# GIVEN RECORDS
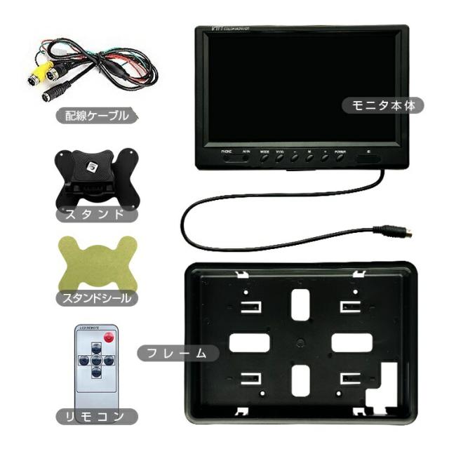 セット内容:モニタ本体、モニター用配線、バックカメラ、フレーム、4PINタイプ20m配線ケーブル、スタンド、スタンド用粘着シール、リモコン
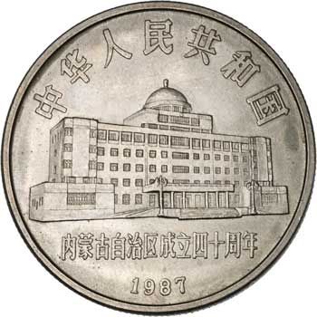 This circulating commemorative coin was issued in 1987 to mark the 40th anniversary of the Inner Mongolian Autonomous Region.
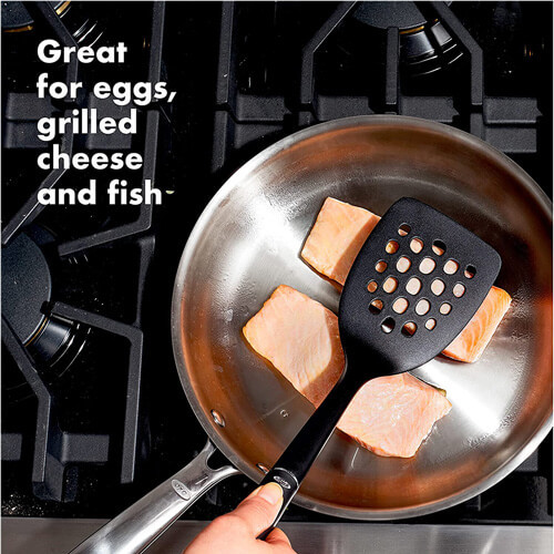 You''ll be reaching for the OXO Good Grips Nylon Square Turner every day in the kitchen. The turner is made of heat resistant nylon that will hold up against temperatures up to 205 degrees Celsius. The OXO Good Grips Nylon Square Turner is also safe for use on all pans, not leaving behind scuffs and scratches. Use for everything from eggs to meat. Along with other products from the range, the OXO Good Grips Nylon Square Turner creates a perfectly functioning kitchen.
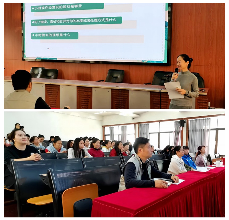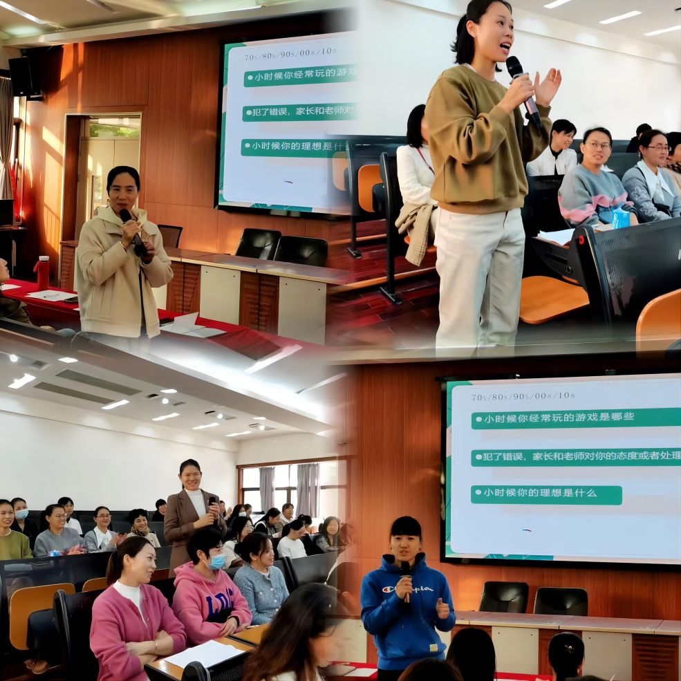 活动开始时,王主管以三个问题为引题,(问题包括:70/80/90后的我们在儿时常玩哪些游戏?犯了错误家长和老师对你的处理方式是怎样的?我们儿时的理想是什么?)激发了教师们的兴趣,不同年代的老师纷纷发言,回忆儿时,热情分享。活动在热情洋溢的氛围中展开。各年级的优秀教师代表们依次上台,她们从不同的角度,分享了自己对于生命教育的理解和实践经验。
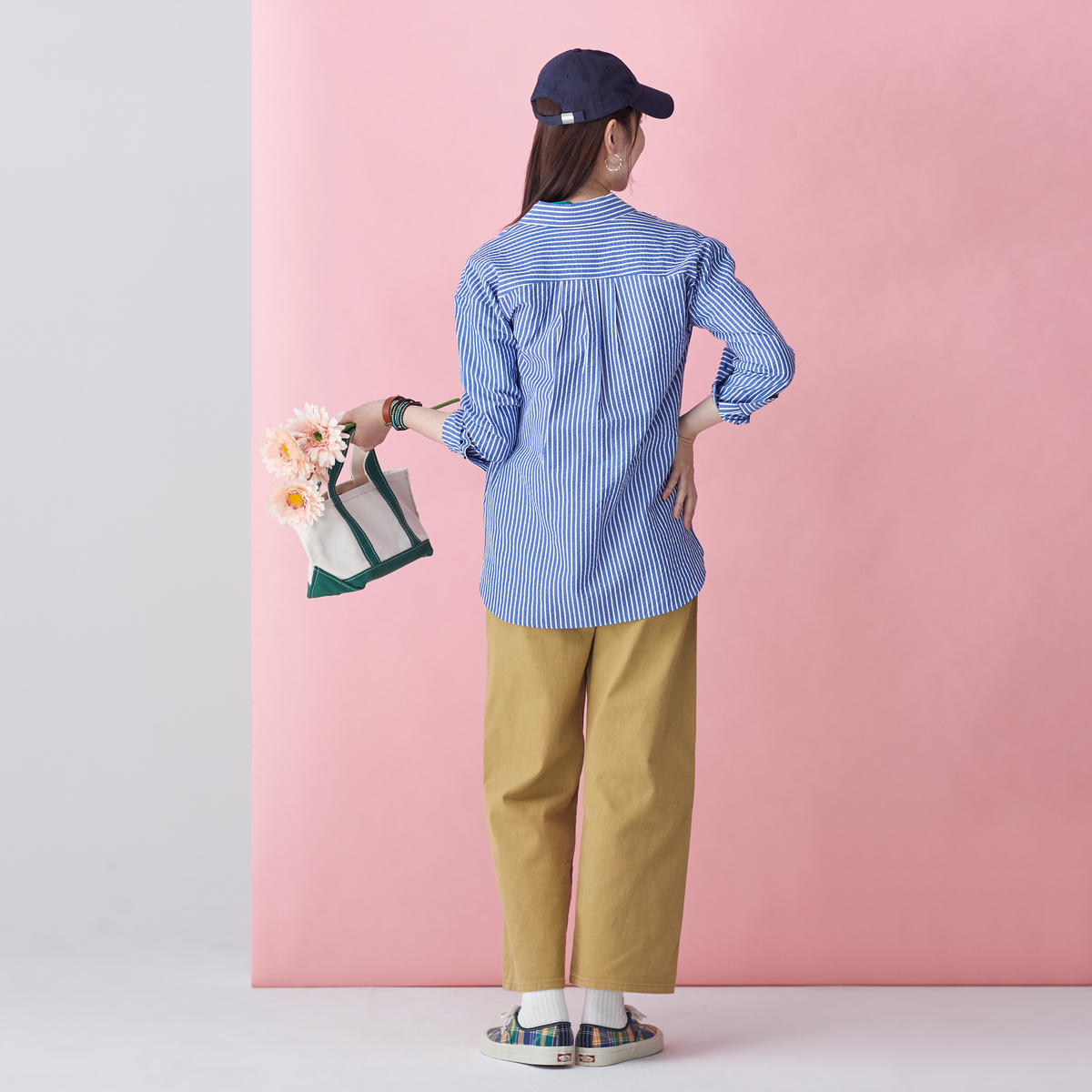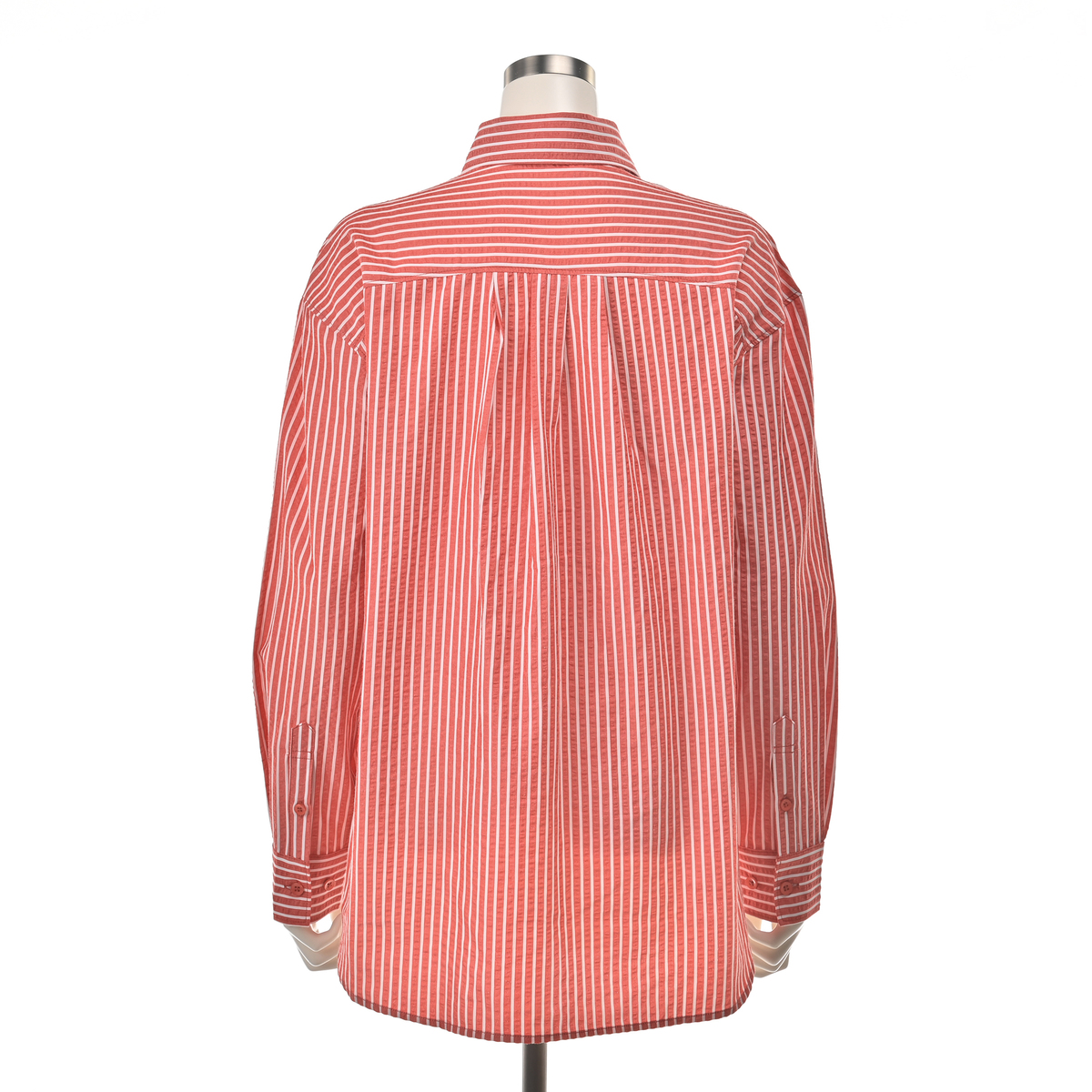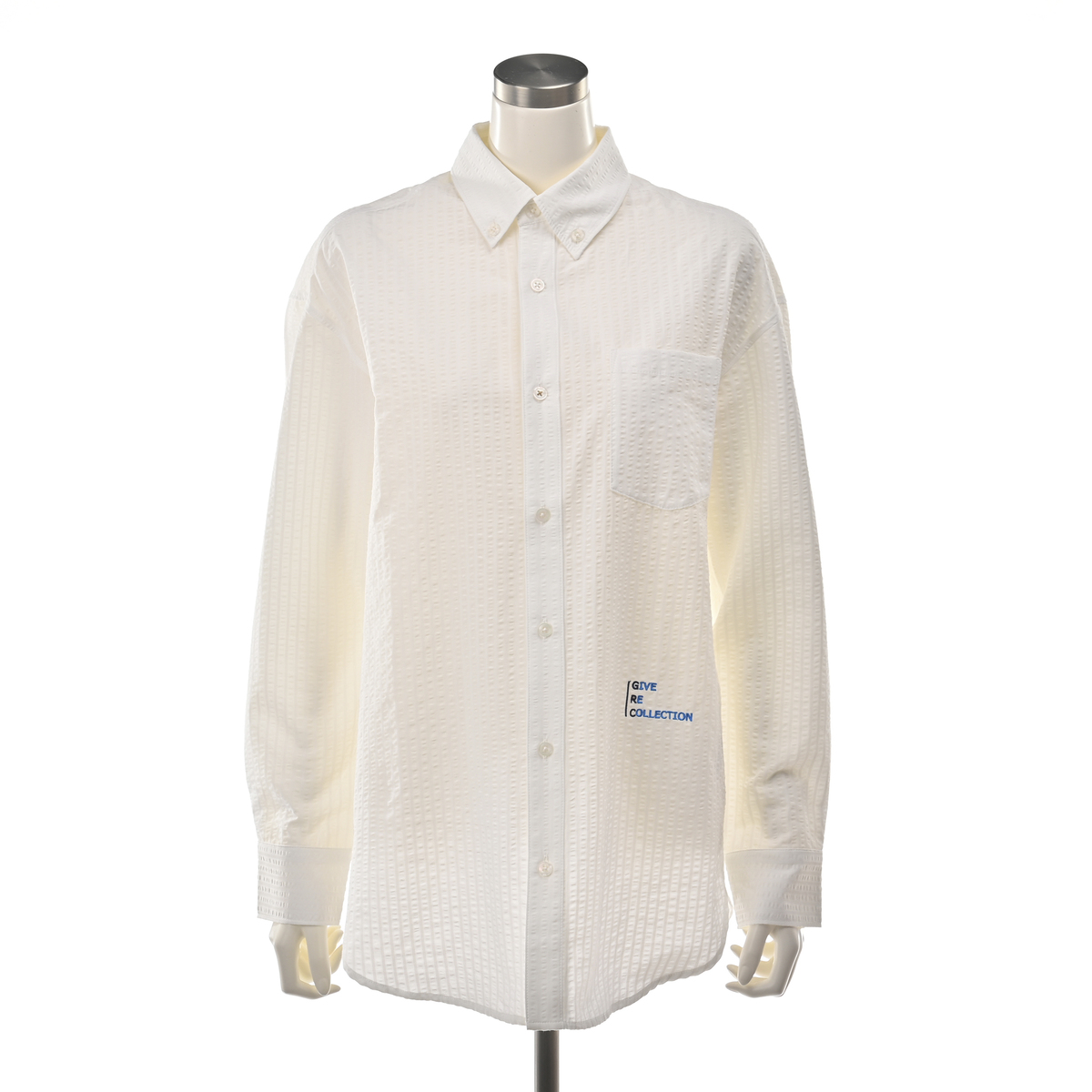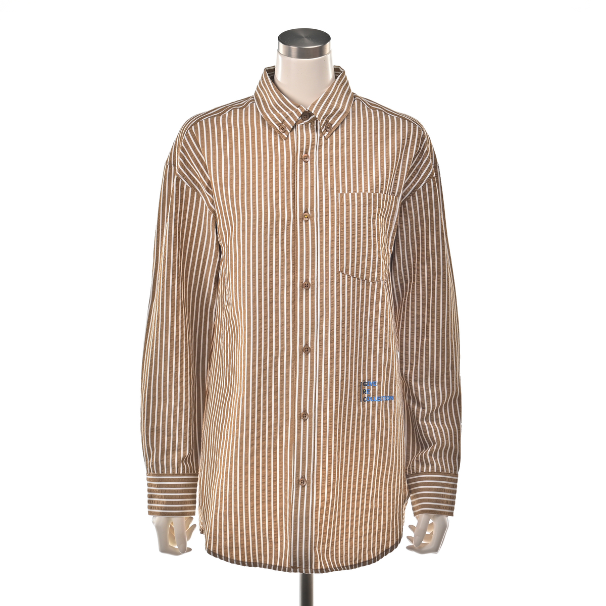 メンズライクに着こなせる左前でお仕立てしたサッカーストライプシャツ。大き目な胸ポケットとボタンダウンのえりがポイント。インナーにして襟だけチラ見せしたり、フロントを開けて軽い羽織としても。ベーシックなアイテムなので、幅広く活躍します

# EXERCISE INSTRUCTIONS
Leaving the pictures aside, transcribe only the lines from the one containing "活动开始时,王主管以三个问题" to the final line of the listing above, inclusive, exactly as they appear.

# TASK RESPONSE
 活动开始时,王主管以三个问题为引题,(问题包括:70/80/90后的我们在儿时常玩哪些游戏?犯了错误家长和老师对你的处理方式是怎样的?我们儿时的理想是什么?)激发了教师们的兴趣,不同年代的老师纷纷发言,回忆儿时,热情分享。活动在热情洋溢的氛围中展开。各年级的优秀教师代表们依次上台,她们从不同的角度,分享了自己对于生命教育的理解和实践经验。
 メンズライクに着こなせる左前でお仕立てしたサッカーストライプシャツ。大き目な胸ポケットとボタンダウンのえりがポイント。インナーにして襟だけチラ見せしたり、フロントを開けて軽い羽織としても。ベーシックなアイテムなので、幅広く活躍します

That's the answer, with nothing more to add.